Disturbing look at sexual-abuse

Michael Jackson with Wade Robson as a young man who -- now grown -- said was abused by the pop star when he was a child. (HBO)
Michael Jackson with Wade Robson as a young man who — now grown — said was abused by the pop star when he was a child. (HBO)

Finished watching the documentary, Leaving Neverland, on HBO Monday evening.

It’s a disturbing report that raises more questions and concerns about whether or not Michael Jackson abused young children who spent a lot of time with him without supervision, including spending nights with him in his bed.

He was acquitted of charges of abuse in a long jury trial but also settled with another child and his family for $20 million in another case.

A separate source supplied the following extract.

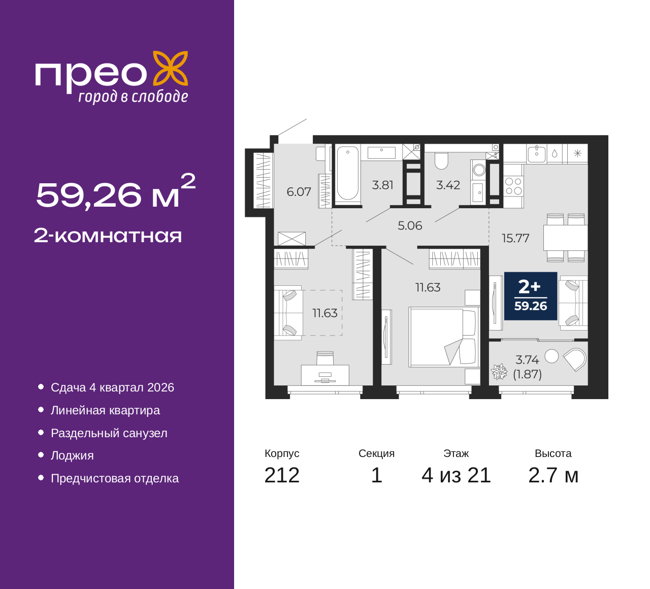 Двухкомнатная квартира с предчистовой отделкой в ЖК "Прео" на 4 этаже. Общая площадь: 59.26 кв.м., жилая: 23.26 кв.м., площадь просторной кухни-столовой: 15.77 кв.м. Комнаты изолированные, все окна выходят на одну сторону. В квартире одна лоджия, один раздельный санузел. Высота потолков 2.7 м. Квартира находится в корпусе 212. Дом монолитный, одноподъездный, высотой 21 этаж. На этаже 8 квартир. В подъезде 2 пассажирских и 1 грузовой лифт. Окончание строительства - 4 квартал 2026 года. Оформление сделки по договору долевого участия. Преображенский — один из самых привлекательных районов для жизни! Это полностью самостоятельный жилой район с точки зрения инфраструктуры. Преображенский находится между Московским и Червишевским трактами в квартале улиц Закалужская — Вьюжная — Александра Протозанова. Не нужно ждать, когда появится инфраструктура — переезжайте на всё готовое. Вблизи расположены действующие школа и детский сад. В этом году откроется еще один сад, а в следующем году — школа. По соседству с Преображенским запланировано строительство городского парка «Комарово» площадью 38 гектар. За 10 минут можно доехать на автомобиле до крупных ТРЦ: «Лента», «Кристалл», «Леруа Мерлен», «Метро» и «Ашан». С 2018 года в районе открыт Соседский центр — пространство, созданное для формирования добрососедской среды, совместного досуга, общения и реализации соседских инициатив. Здесь проходят встречи соседей, а также сами жители района организовывают мероприятия. Организатором такого события может стать любой желающий. В квартирах выполнена качественная предчистовая отделка. Гладкие стены с финишным выравниванием по маякам. Ровный потолок для установки натяжного потолка. Установлены пятикамерные окна с двойным стеклопакетом (3 стекла). Дизайнерские холлы с видеонаблюдением, безбарьерным и прозрачным входом – всегда светло и спокойно. На первом этаже есть просторные колясочные, где все жители могут оставлять свои коляски и велосипеды. В Преображенском есть всё, что нужно для активного отдыха и занятий спортом. Мы сделали большое футбольное поле с безопасным покрытием. Также установили хоккейный корт, который оборудован по всем необходимым стандартам. Во дворах можно делать упражнения на специальных площадках с турниками. Весь район мы обустроили велодорожками, которые связаны в единый маршрут. У нас есть сухие фонтаны, бьющие из земли, деревья, веревки, сетки, скалодром, газон, песок и резинка — осталось просто дать своему ребенку право на свободную игру. По-настоящему хорошие дворы — это те, которые дети предпочитают соцсетям и телевизору. Аккредитация в банках: ПАО «Банк Уралсиб», ОАО «Альфа-Банк», ПАО Банк «ВТБ», ПАО «Газпромбанк», «Сбербанк России» и других. (AQID02427631)

Leaving Neverland, shown in two segments Sunday and Monday evenings, and followed Monday night by a show with Oprah Winfrey on HBO after the second segment, follows the stories of former child actor James Safechuck, 41, and choreographer Wade Robson, 36, who both say they were serially abused by Jackson, starting in the 1990s, at his legendary Neverland Ranch in California.

They say he gave them alcohol, showed them pornography and had sex with them many times over a period that lasted several years.  Safechuck showed a diamond-encrusted “wedding” ring that he said Jackson bought for him.

Jackson died at age 50 on June 29, 2009, after he lapsed into a coma after suffering cardiac arrest while under the influence of drugs administered by a Hollywood physician who lost his license and went to jail.

At the time of his death, Jackson’s career was itself on a death spiral and he was deeply in death with declining record sales and tainted by the scandals from the charges of sexual abuse.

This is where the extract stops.